Tips for Understanding Asexual People

Some tips for dating asexual people

It is likely that at some point in your life you will feel attracted to an asexual person. In these cases, you will surely not know how to act and if you do not know the term, you may even feel bad about yourself because you think that your partner is not attracted to you. From dotcoms we want to give you some tips for dating asexual people. We hope they help you.
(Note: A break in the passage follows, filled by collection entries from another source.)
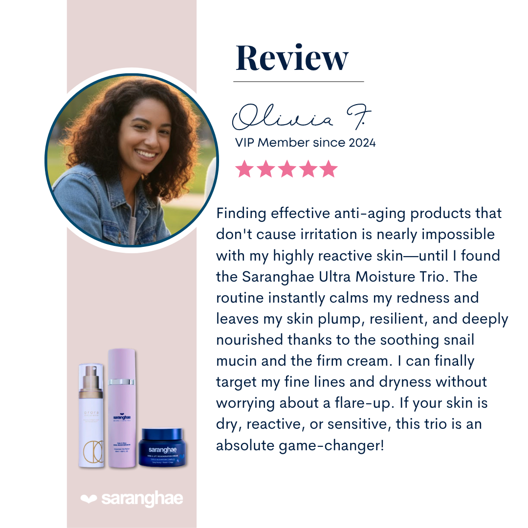 The Saranghae Ultra Moisture Trio combines Korean skincare philosophy with cutting-edge dermal science, offering a holistic, luxurious solution for a uniquely underserved stage of skin health. It’s more than hydration, it’s hormonal skin therapy in three effortless steps.
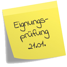 Die nächste Eignungsprüfung findet am Mittwoch, 21.01.2026 statt. Telefonische Anmeldung über das Sekretariat: 02572 2950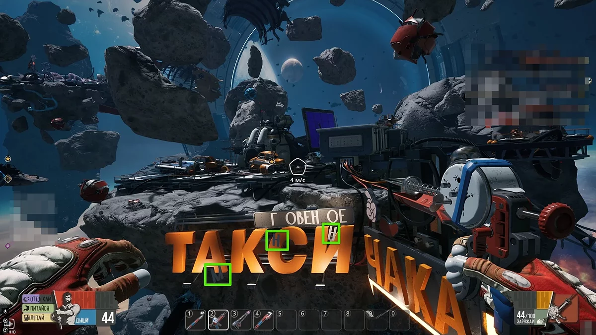 Трохи далі від кисневої станції Таксі Чака є уламок астероїда, на якому лежить згорілий автомобіль. Заберіть тут зелену бочку (23/48).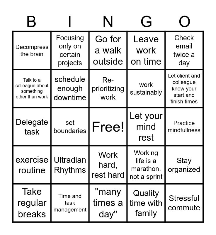This bingo card has a free space and 24 words: Ultradian Rhythms, Time and task management, Re-prioritizing work, Take regular breaks, Check email twice a day, Decompress the brain, Talk to a colleague about something other than work, Focusing only on certain projects, Let your mind rest, Work hard, rest hard, work sustainably, Delegate task, Working life is a marathon, not a sprint, Stay organized, schedule enough downtime, Quality time with family, Practice mindfullness, Go for a walk outside, Let client and colleague know your start and finish times, set boundaries, Stressful commute, exercise routine, Leave work on time and "many times a day".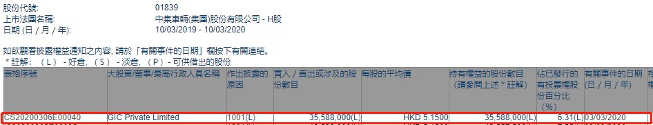 智通财经APP获悉,联交所最新资料显示,3月3日,GIC Private Limited增持中集车辆(01839)3558.8万股,每股作价5.15港元,总金额约为1.83亿港元,增持后持股数目约为3558.8万股,持股比例为6.31%。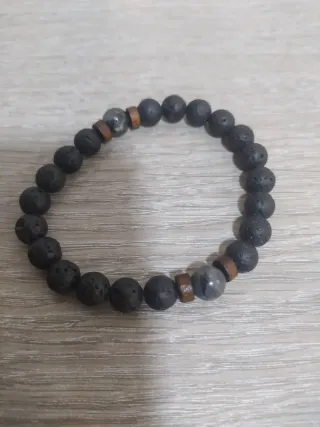 Pulsera elástica con cuentas de piedra volcánica y detalles de madera. - Diseño unisex. - Combina cuentas negras y grises. Se puede ver sin compromiso. En Villena

  1. Try to understand that all relationships between people are different. As happens with friendships, that there is no equal, the same thing happens with relationships. There are not only romantic relationships with sex, but also those that do not contain it. If you agree to have a romantic relationship where sex does not appear or is very infrequent, you will probably learn other interesting things from this type of relationship. For example, great love physical affection and commitment from your partner. A deep respect for the other and physical although not sexual affection.
  2. Learn to communicate. This advice will come in handy with any type of romantic relationship or friendship you have. The basis for any relationship to become solid is communication. Listen to your partner but also let your partner listen to you. The key is to reach agreements that both parties will be happy with. In the event that one of the two parties fails, it is better to go their separate ways. If your relationship ends because you’ve found an asexual person, don’t be cruel to them. Think that this person has been honest with you and she has wanted to tell you everything about her sexual Condition. You may not function as a couple but perhaps as great friends.
  3. There are relationships with asexual that do involve sex. As there are different degrees of asexuality, it is not surprising that sometimes these relationships involve sex. The asexual may not be capable of sexual attraction, but she may have sexual needs. In these cases, and if it seems good to both of you, sex can be included within the couple. But taking into account that there will be no attraction on the part of the asexual. It is important that you communicate clearly and that you both know each other’s needs and desires. Also think that other asexual people will not be at all interested in sex or in practicing it. Consider if you are willing to have a purely romantic and non-sexual relationship.
  4. Asexuality is not chosen. One of the main mistakes those couples of asexual people who do not understand this situation often make is that asexuality is not chosen. And therefore it is not a decision that can be changed. As with celibacy or abstinence. You must always keep in mind that an asexual person does not feel sexual attraction no matter how much you need it. If a relationship of this type does not satisfy you, do not try to change your partner. It is clear that it will not work and neither of you will feel happy. It is better to leave the relationship before either party ends up very hurt.